Dataset content
......
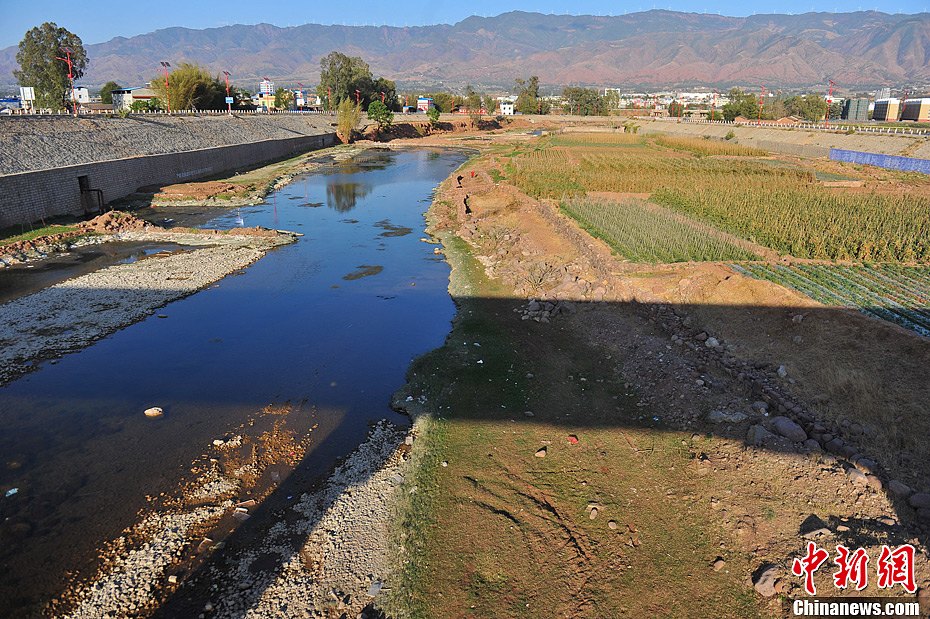 2月21日,位于云南省楚雄州元谋县境内的龙川江因旱大面积缩水,几近断流,河床变菜地。龙川江为金沙江南岸一级支流,在元谋县北部汇入金沙江。图为原先河床的一半缩水后都成了菜地。任东 摄
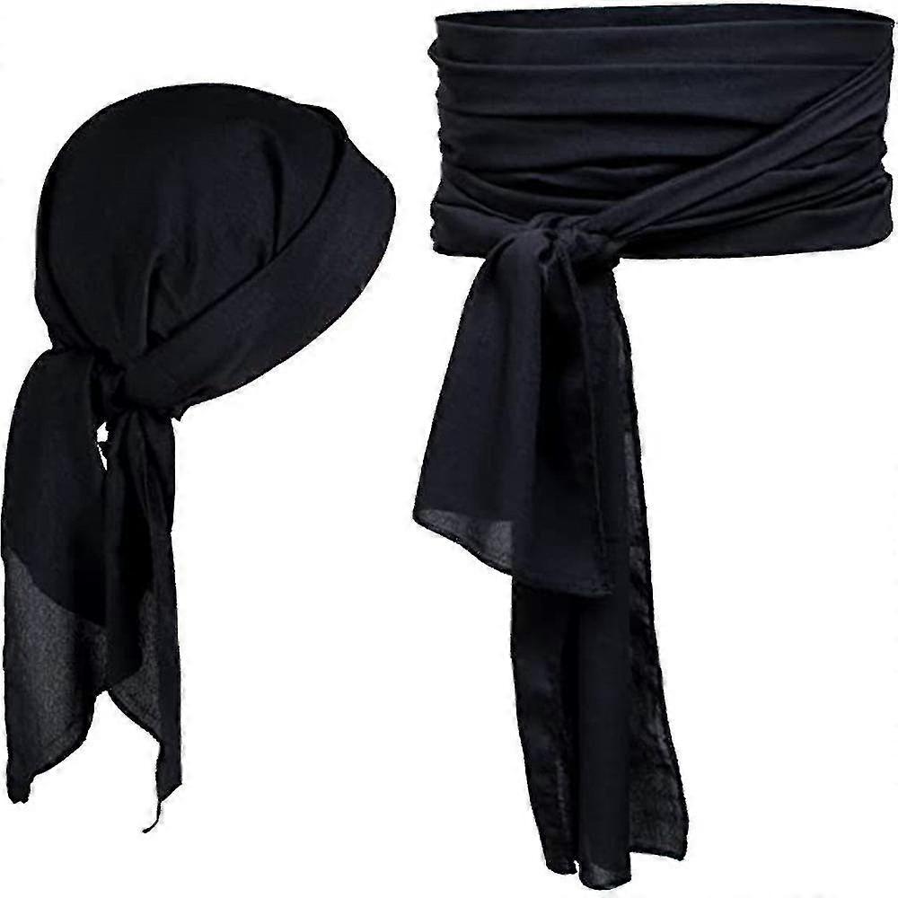 Pirate Costume Accessories Set Retro Durag Long-tail Pirate Hat Large Sash Medieval Renaissance Theme Cosplay Dress Up For Halloween Party
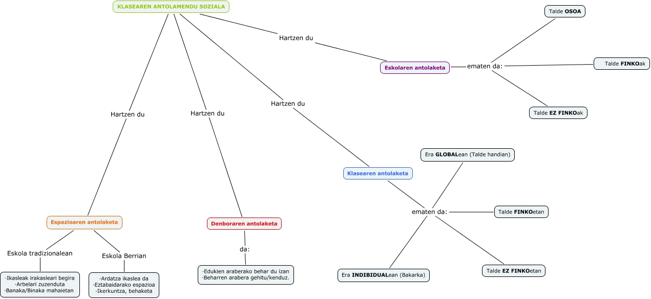 This Concept Map has information related to: K.A.(Amaia,MaitaneOlatz,Jessica,Marta), KLASEAREN ANTOLAMENDU SOZIALA Hartzen du Klasearen antolaketa, KLASEAREN ANTOLAMENDU SOZIALA Hartzen du Espazioaren antolaketa, Eskolaren antolaketa ematen da: Talde OSOA, Klasearen antolaketa ematen da: Era INDIBIDUALean (Bakarka), Espazioaren antolaketa Eskola tradizionalean ·Ikasleak irakasleari begira ·Arbelari zuzenduta ·Banaka/Binaka mahaietan, Klasearen antolaketa ematen da: Talde FINKOetan, Denboraren antolaketa da: ·Edukien araberako behar du izan ·Beharren arabera gehitu/kenduz., Klasearen antolaketa ematen da: Talde EZ FINKOetan, KLASEAREN ANTOLAMENDU SOZIALA Hartzen du Denboraren antolaketa, Eskolaren antolaketa ematen da: Talde EZ FINKOak
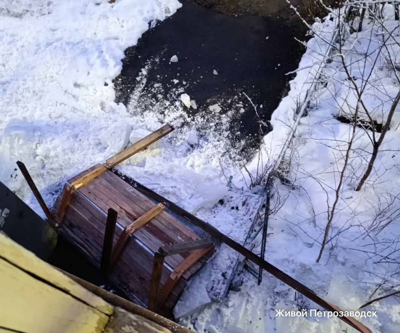 🧊 Сосулька упала и снесла крышу подъезда дома в Петрозаводске
......
Work to be completed
Only the lines from the one containing "Pirate Costume Accessories" through the last line of the data belong in the copy, both included and reproduced exactly. Pictures do not.

Exercise result
 Pirate Costume Accessories Set Retro Durag Long-tail Pirate Hat Large Sash Medieval Renaissance Theme Cosplay Dress Up For Halloween Party
 This Concept Map has information related to: K.A.(Amaia,MaitaneOlatz,Jessica,Marta), KLASEAREN ANTOLAMENDU SOZIALA Hartzen du Klasearen antolaketa, KLASEAREN ANTOLAMENDU SOZIALA Hartzen du Espazioaren antolaketa, Eskolaren antolaketa ematen da: Talde OSOA, Klasearen antolaketa ematen da: Era INDIBIDUALean (Bakarka), Espazioaren antolaketa Eskola tradizionalean ·Ikasleak irakasleari begira ·Arbelari zuzenduta ·Banaka/Binaka mahaietan, Klasearen antolaketa ematen da: Talde FINKOetan, Denboraren antolaketa da: ·Edukien araberako behar du izan ·Beharren arabera gehitu/kenduz., Klasearen antolaketa ematen da: Talde EZ FINKOetan, KLASEAREN ANTOLAMENDU SOZIALA Hartzen du Denboraren antolaketa, Eskolaren antolaketa ematen da: Talde EZ FINKOak
 🧊 Сосулька упала и снесла крышу подъезда дома в Петрозаводске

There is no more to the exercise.